**** Listed entries

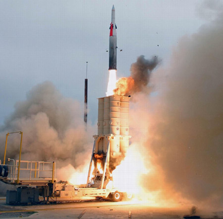 人民網(wǎng)北京2月24日電 (高軼軍)以色列和美軍共同開發(fā)的“箭”式反彈道導(dǎo)彈近日在美國(guó)加利福尼亞州進(jìn)行實(shí)彈測(cè)試,并取得圓滿成功。以色列國(guó)防部 發(fā)言人稱,“箭”式反彈道導(dǎo)彈在試驗(yàn)中,順利發(fā)現(xiàn)并擊落了美軍發(fā)射的模擬彈道導(dǎo)彈,并讓以軍具備了有效對(duì)抗敵國(guó)(主要是伊朗)戰(zhàn)略導(dǎo)彈威脅的能力。
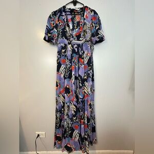 & Other Story's Nostalgia Floral Short Sleeve V-neck Maxi Dress W/Slits Size 8
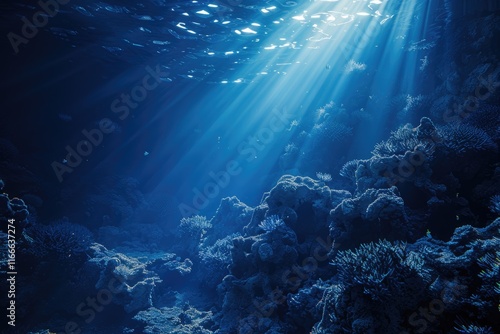 © Anjali, Fototapeta premium Underwater Sea Deep Abyss With Blue Sun light
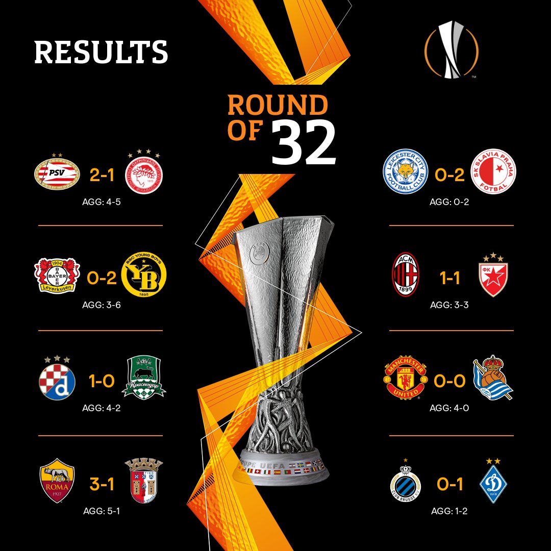 Milan, Roma, Young Boys, Dinamo Kyiv, Dinamo Zagreb, Slavia Prague, Manchester United dhe Olympiacos janë skuadrat që kanë sigurar kalimin tutje në kuadër të Europa League.
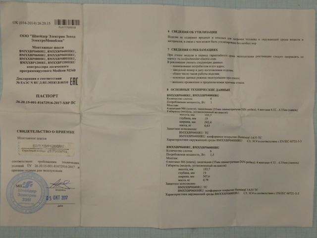 ШАССИ Schneider Electric BMXXBP1200RU НА 12 ПЛАТОМЕСТ 109039 Сделано в России вес-1.36кг габаритный размер-580х150х65мм цена товара 313евро указана за одну штуку 1шт
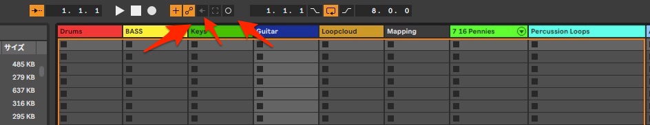 動画だと早すぎたかもしれませんので、セッションビューでオートメーションをリアルタイムで録音するときに必要な謎のボタン類について書いておきます。矢印左側からの説明です。
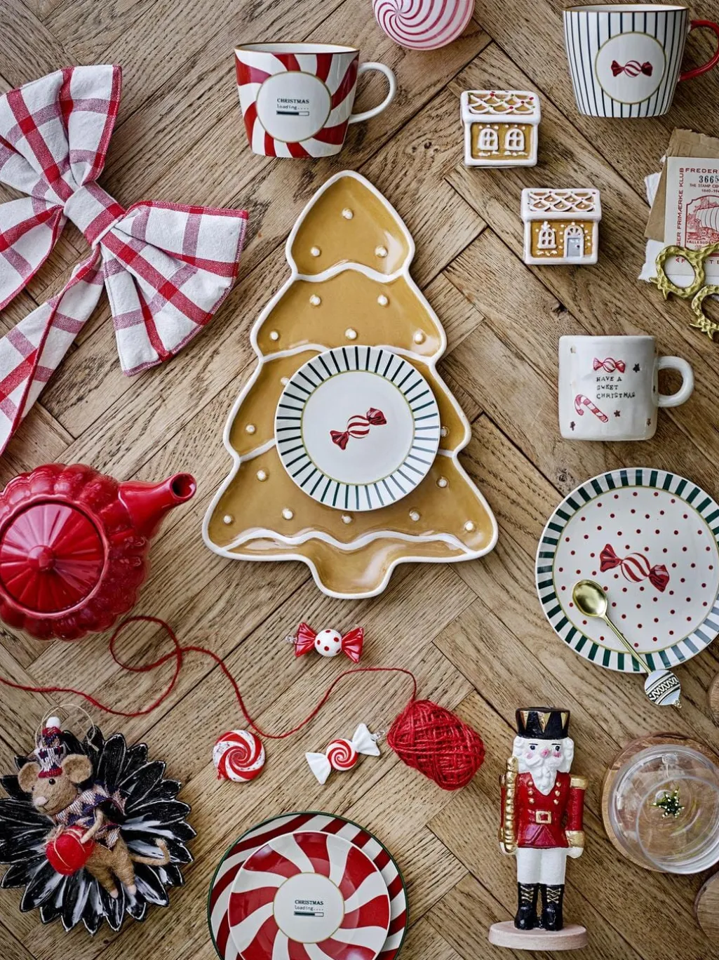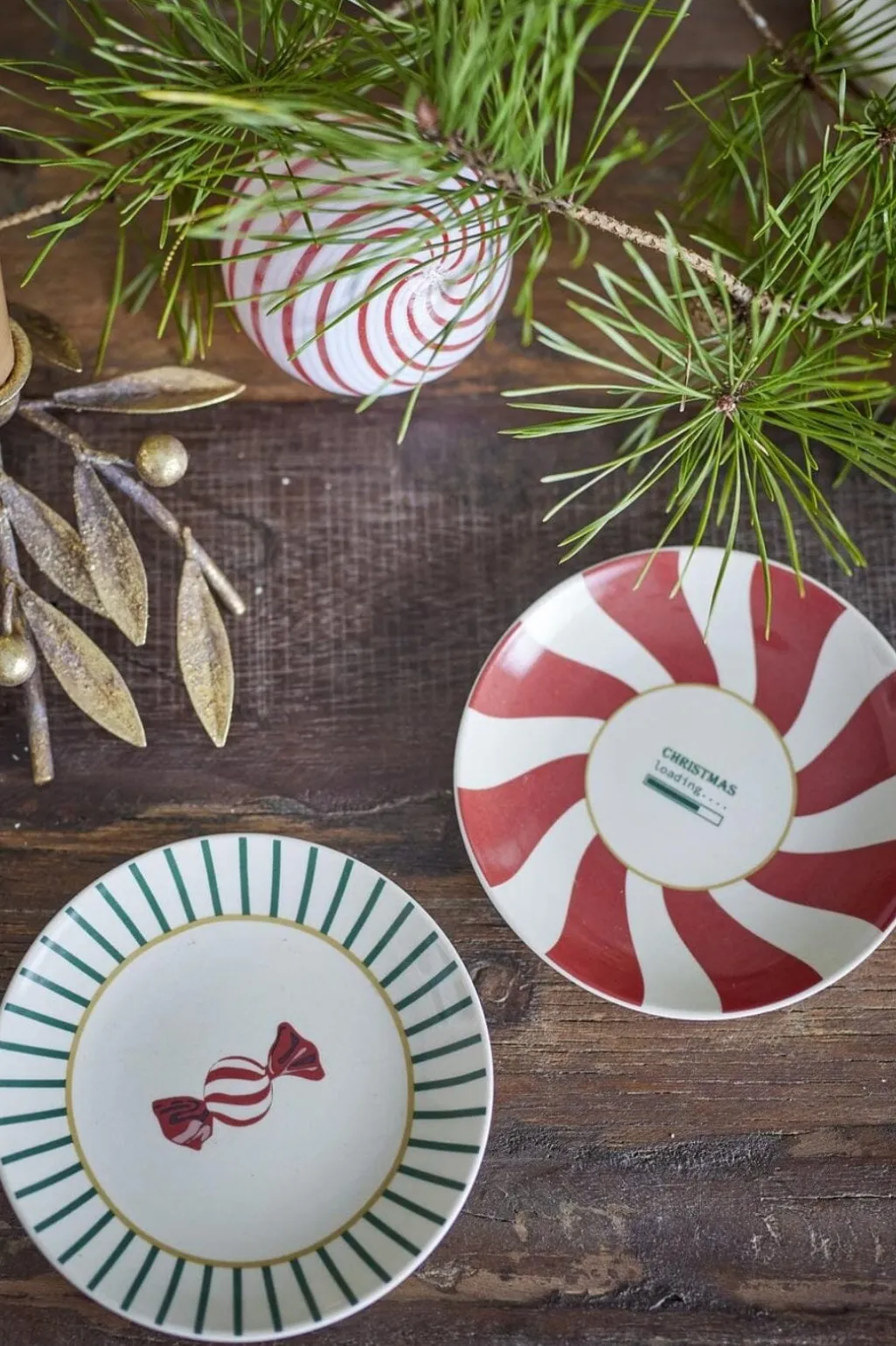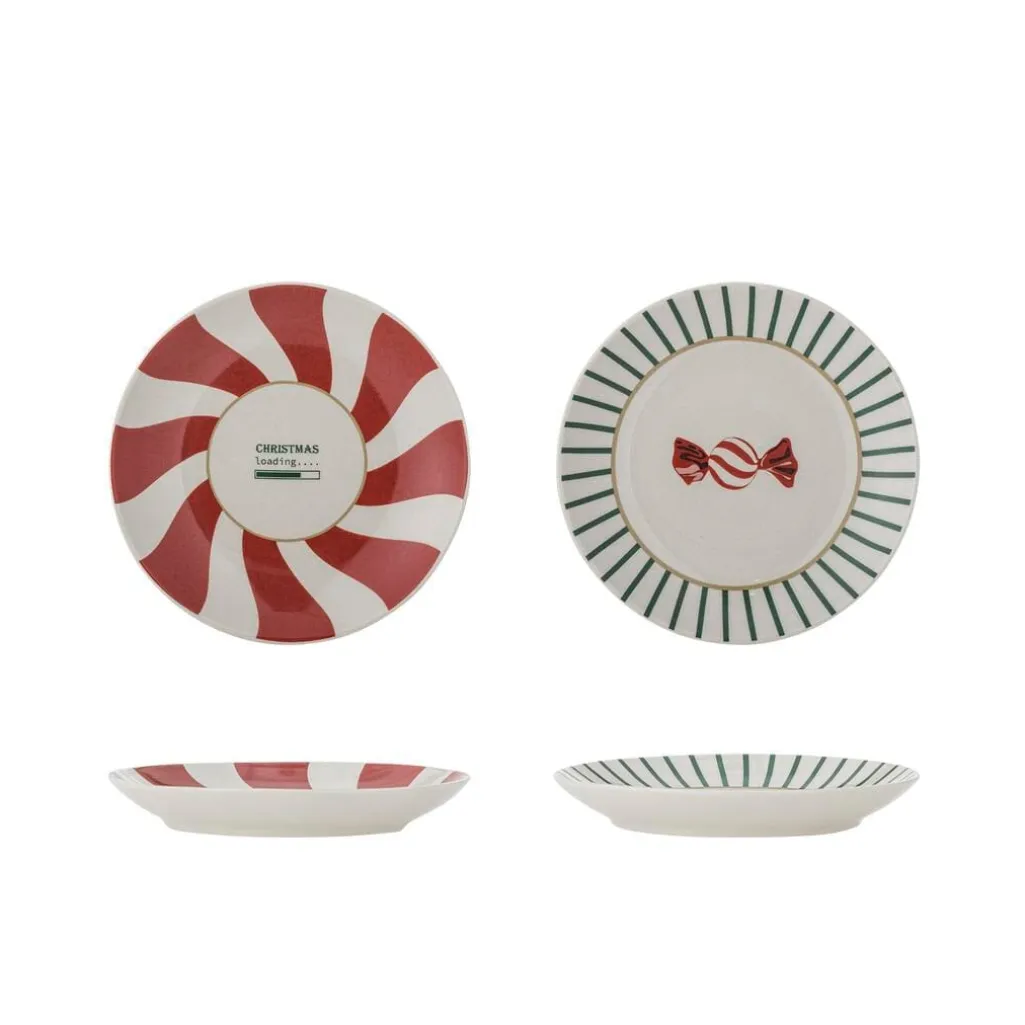 Juletallerkener fra Bloomingville i stentøj med rødt spiralmønster og grønne striber. To forskellige designs med julemotiver på hvid baggrund.
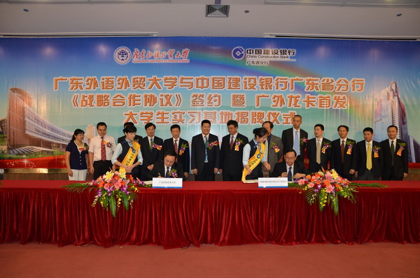 本网讯 10月10日下午,广外与中国建设银行广东省分行《战略合作协议》签约暨广外名校卡首发、大学生实习基地揭牌仪式在建行广东省分行会议室隆重举行。此次我校与建行广东省分行开展战略合作,是我校首次与银行界开展战略合作,意义重大。
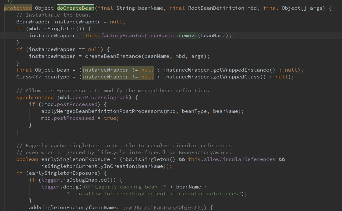 Object beanInstance = doCreateBean(beanName, mbdToUse, args)
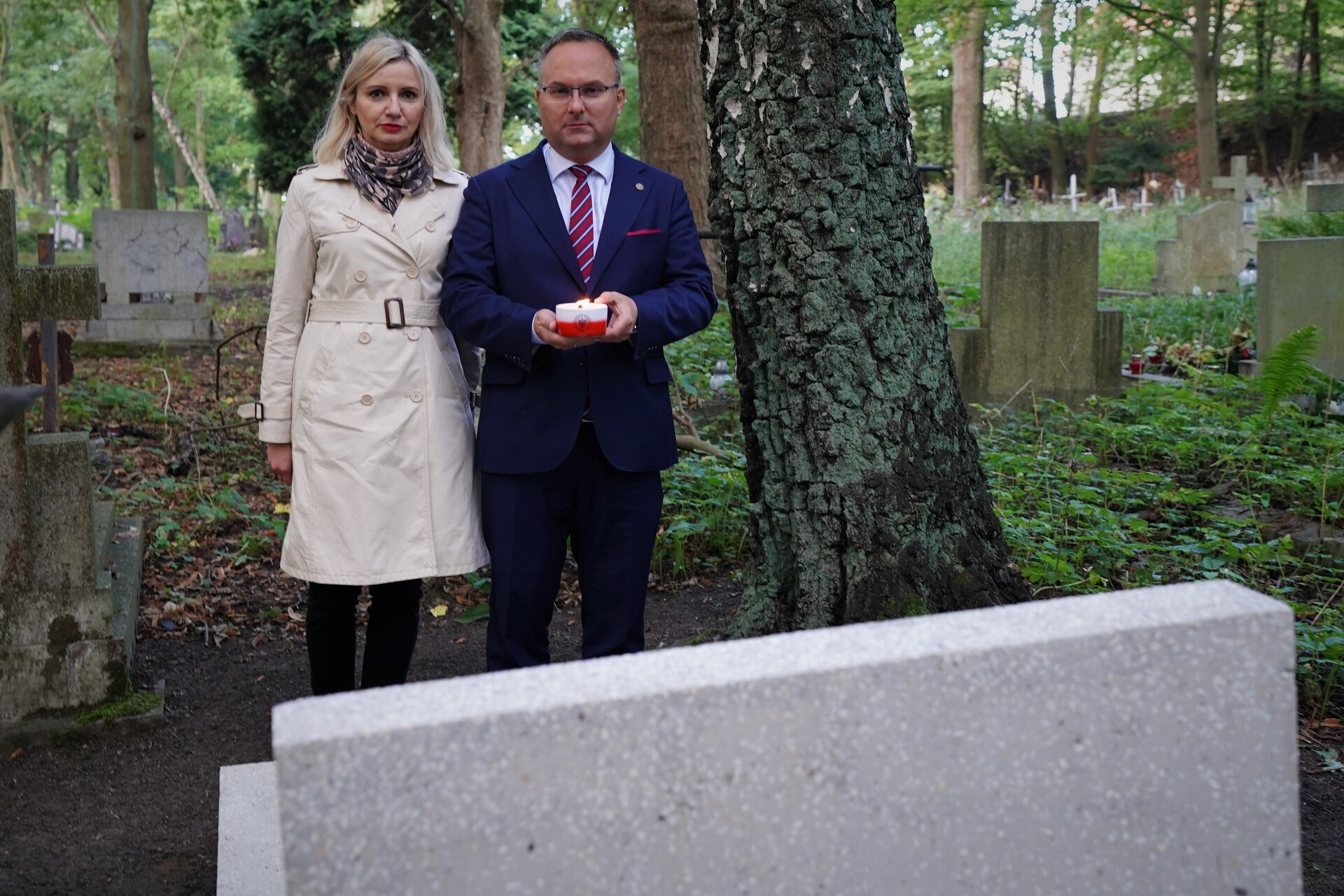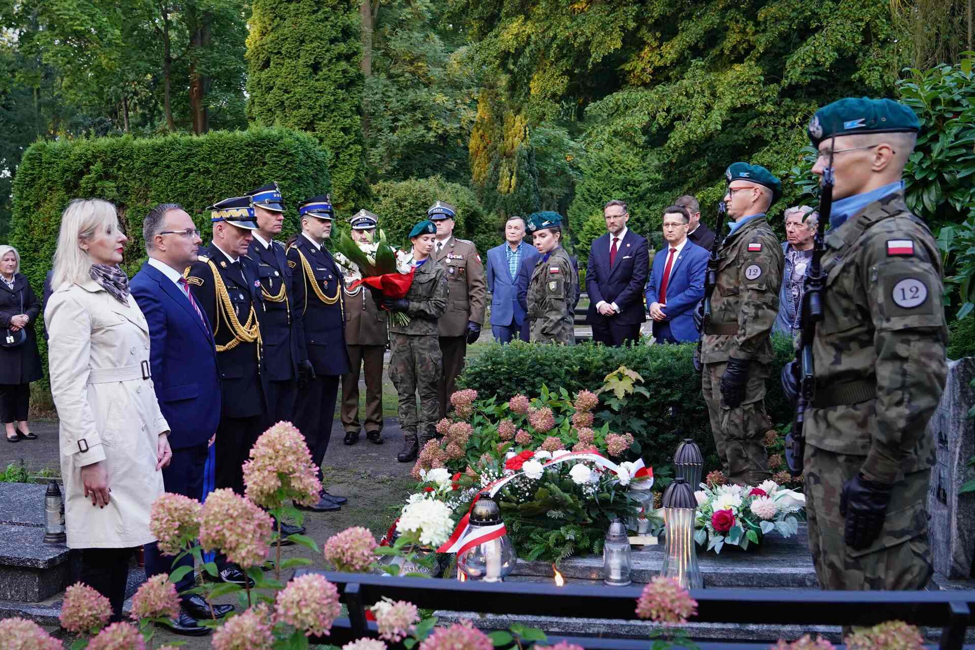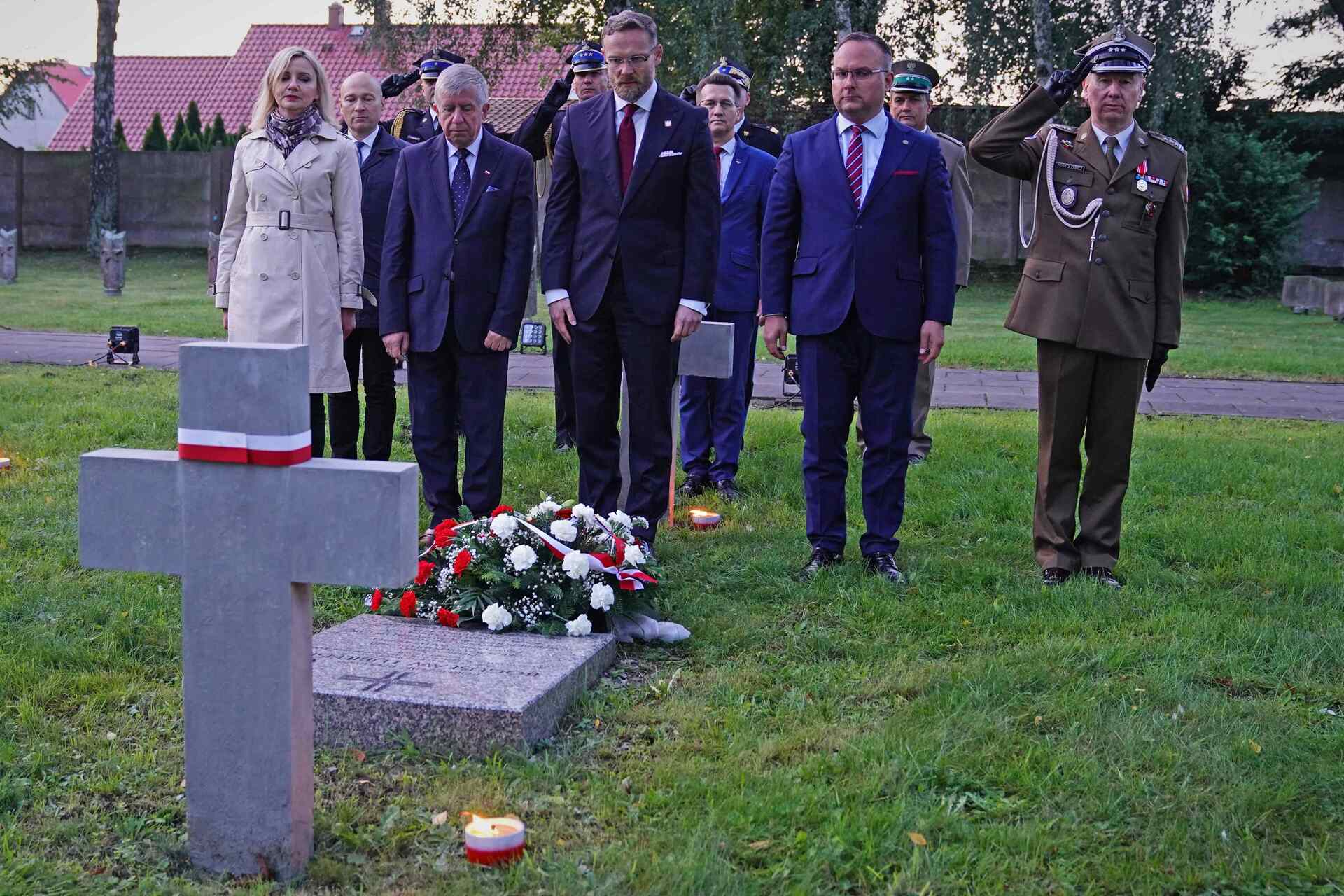 Szczecin. Uroczystości w Szczecinie rozpoczęły się o godz. 12:00 na Cmentarzu Centralnym przy obelisku „Bohaterom Września 1939”, który w 2019 r. staraniami szczecińskiego Oddziału IPN został poddany renowacji. Dyrektor IPN O. w Szczecinie, Krzysztof Męciński oraz Naczelnik Oddziałowego Biura Upamiętniania Walk i Męczeństwa, Marzena Szulc, złożyli kwiaty i zapalili znicze na grobach Stefana Nercia (Cmentarz Komunalny w Dąbiu), Jana Zielińskiego (Cmentarz Golęciński), Zygmunta Dopierały i Bronisława Żuka (Cmentarz Centralny w Szczecinie).
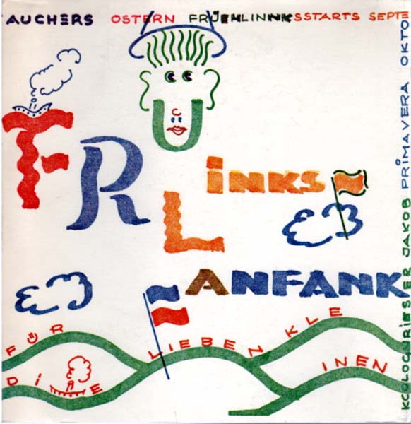 Wewerka, Stefan: Für die Lieben Kleinen. Stefan Wewerka´s Frühlingskindermalbuchwalzer. Herausgeber Diter Roth + Rudolf Rieser. Auflage: 2000 Exemplare. Stuttgart. Köln. London. Edition Hansjörg Mayer. 1969. 22 x 22 cm. 6 Doppelblatt, 2 Blatt. Farbig illustrierter OKarton. Sehr gutes, frisches Exemplar. 10 Seiten mit Strichzeichnungen Wewerkas, unterlegt mit gedruckten Kurztexten in Margenta.

********

An exact copy is needed of the entries above, starting at the line that holds "動画だと早すぎたかもしれませ" and stopping at the line that holds "Szczecin. Uroczystości w", both kept; pictures stay out.

[Answer below]
 動画だと早すぎたかもしれませんので、セッションビューでオートメーションをリアルタイムで録音するときに必要な謎のボタン類について書いておきます。矢印左側からの説明です。
 Juletallerkener fra Bloomingville i stentøj med rødt spiralmønster og grønne striber. To forskellige designs med julemotiver på hvid baggrund.
 本网讯 10月10日下午,广外与中国建设银行广东省分行《战略合作协议》签约暨广外名校卡首发、大学生实习基地揭牌仪式在建行广东省分行会议室隆重举行。此次我校与建行广东省分行开展战略合作,是我校首次与银行界开展战略合作,意义重大。
 Object beanInstance = doCreateBean(beanName, mbdToUse, args)
 Szczecin. Uroczystości w Szczecinie rozpoczęły się o godz. 12:00 na Cmentarzu Centralnym przy obelisku „Bohaterom Września 1939”, który w 2019 r. staraniami szczecińskiego Oddziału IPN został poddany renowacji. Dyrektor IPN O. w Szczecinie, Krzysztof Męciński oraz Naczelnik Oddziałowego Biura Upamiętniania Walk i Męczeństwa, Marzena Szulc, złożyli kwiaty i zapalili znicze na grobach Stefana Nercia (Cmentarz Komunalny w Dąbiu), Jana Zielińskiego (Cmentarz Golęciński), Zygmunta Dopierały i Bronisława Żuka (Cmentarz Centralny w Szczecinie).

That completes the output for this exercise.